Effects of Ca⁺⁺ and glycine on lipid breakdown and death of ATP-depleted MDCK cells

The relationships between cytosolic free calcium (Caf), cell associated glycine, phospholipid hydrolysis and cell death were investigated in Madin-Darby canine kidney (MDCK) cells injured by depletion of adenosine triphosphate (ATP). Glucose free incubation for three hours with a mitochondrial uncoupler resulted in progressive loss of glycine from cells. However, they were not lethally injured unless a perturbation of Ca⁺⁺ homeostasis was also induced. Exposure to a Ca⁺⁺ ionophore and uncoupler in 1.25 mw Ca⁺⁺ medium (+Ca) resulted in accelerated cell death. ATP depleted cells with ionophore in 100 nM Ca⁺⁺ medium (-Ca) were also lethally injured, but after a significant delay. Depletion of glycine preceded death in both groups of cells. Exogenous glycine (5 mM) protected +Ca cells against lethal membrane damage, but the beneficial effects were lost over a period of time. In contrast, -Ca cells were completely protected throughout. Phospholipid mass and radioactive label in lipid fractions of cells prelabeled with ³H-oleic acid were measured. Accelerated death of +Ca cells was accompanied by large decreases of phospholipid mass, loss of phospholipid label, and accumulation of unesterified labeled fatty acid.
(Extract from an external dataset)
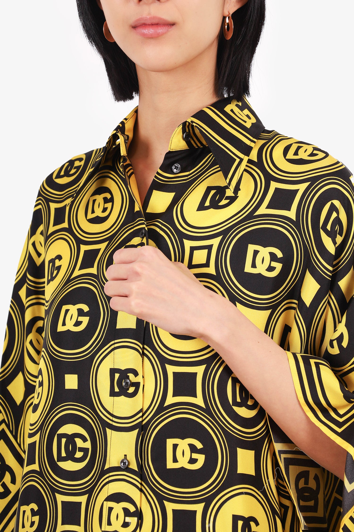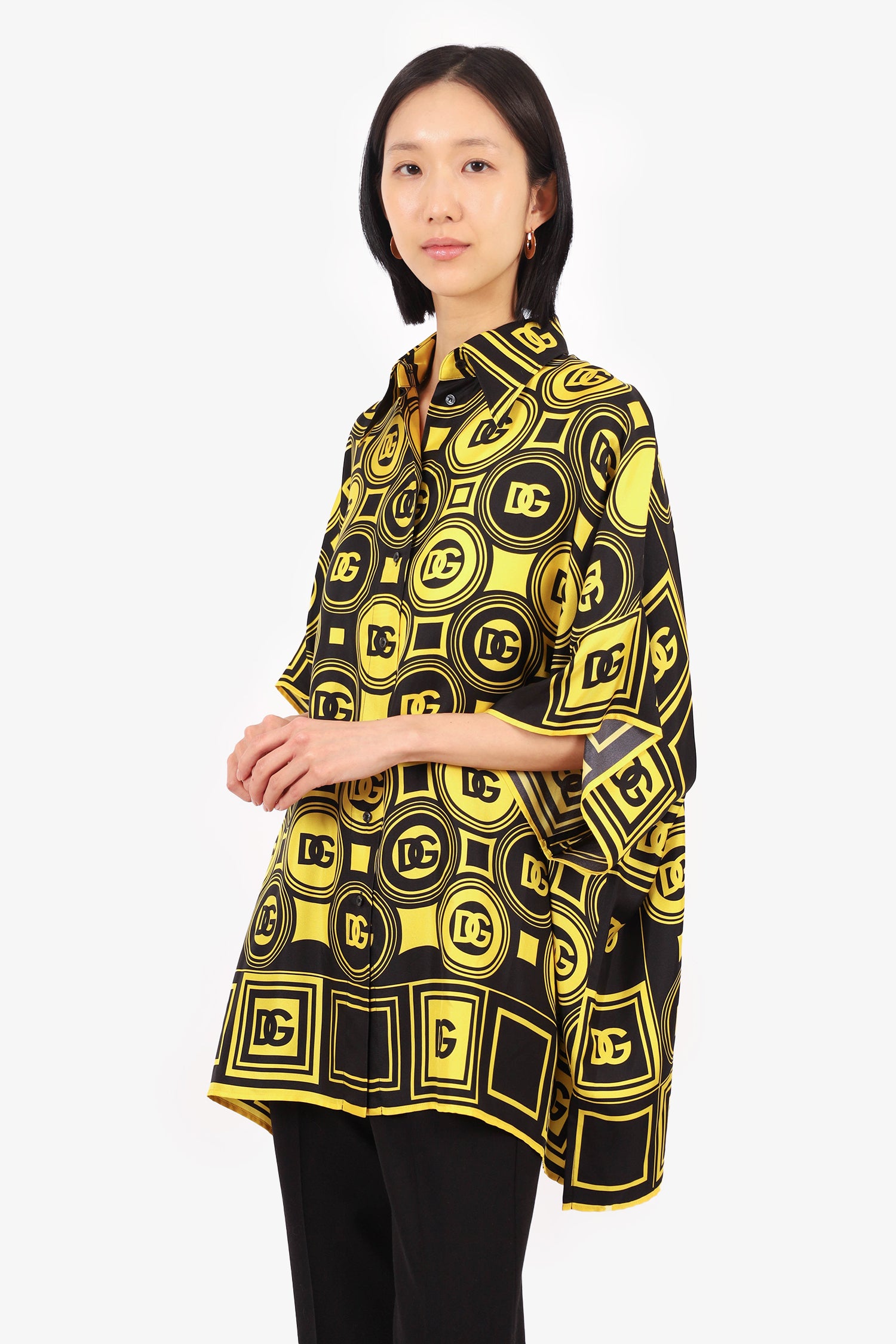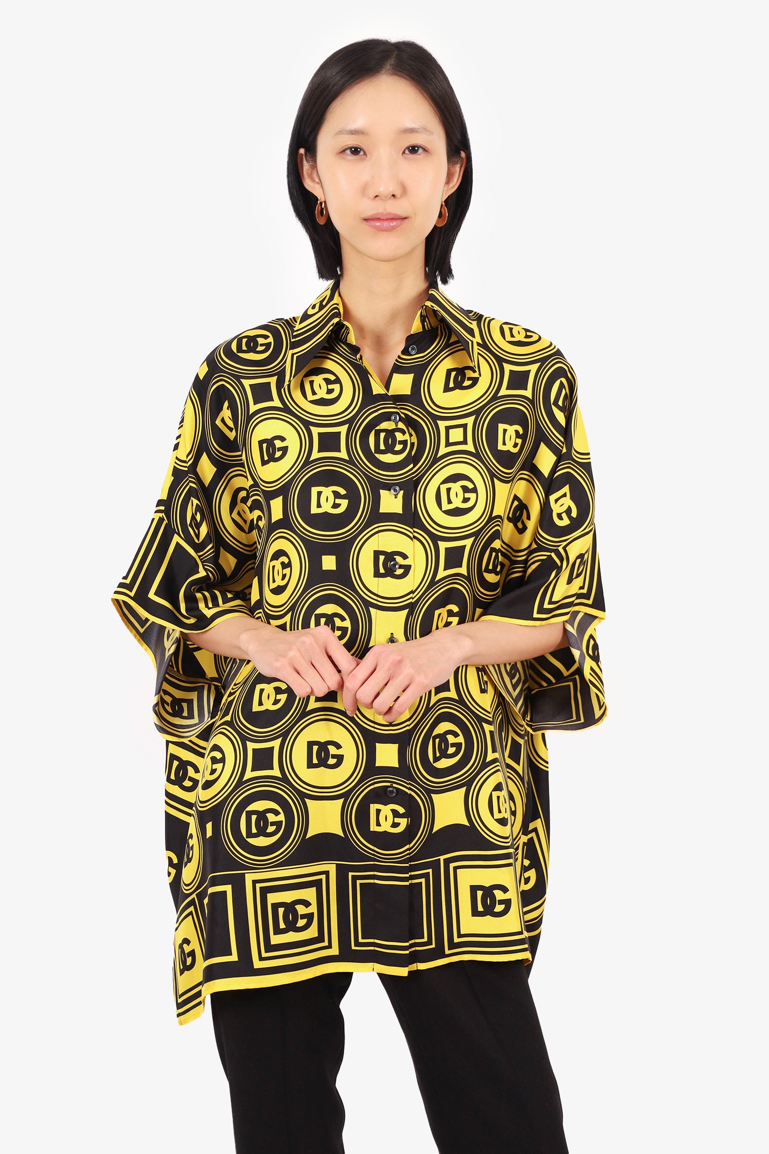 Refresh availabilityDolce & Gabbana Black/Yellow Silk Logo Short Sleeve Blouse. Front button-up closure. Unlined. Tonal stitching.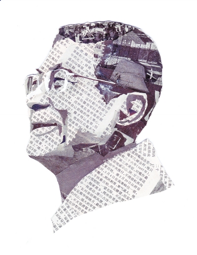 今年40歲的梁霄飛,國畫專業(yè)出身,投身媒體行業(yè)15年,曾任某雜志總編,現(xiàn)居昌平區(qū)興壽鎮(zhèn)下苑村,過著怡然自得的鄉(xiāng)村生活。梁霄飛關(guān)于報(bào)紙拼貼畫的靈感,來自他和朋友前一陣辦的一個(gè)小型畫展。畫展前,有朋友建議,將參展畫家的肖像繪在特制的明信片上。但嘗試過水彩、丙烯綜合材料之后,梁霄飛覺得不太滿意,開始尋找不同的表達(dá)方式。

These changes were greatly decreased by incubation in -Ca medium. On the other hand, protection by glycine could not be attributed to modifications of either the massive breakdown of phospholipids that occured in +Ca cells, or the modest changes seen in -Ca cells. In +Ca cells, the deleterious effects of increased Caf and phospholipid breakdown ultimately prevailed over protection by the amino acid. Thus, separate pathways of cell death associated with increased Caf and decreased glycine were defined in ATP depleted, Ca⁺⁺ permeabilized MDCK cells. Calcium excess and massive phospholipid loss are features of a damage process that occurs independently of whether cells are protected by glycine or not. Conversely, the glycine sensitive component of injury is expressed regardless of whether intracellular Ca⁺⁺ is increased, or large phospholipid losses occur. ATP depletion in -Ca medium provides a system to study mechanisms of glycine cytoprotection uncomplicated by Ca⁺⁺ toxicity.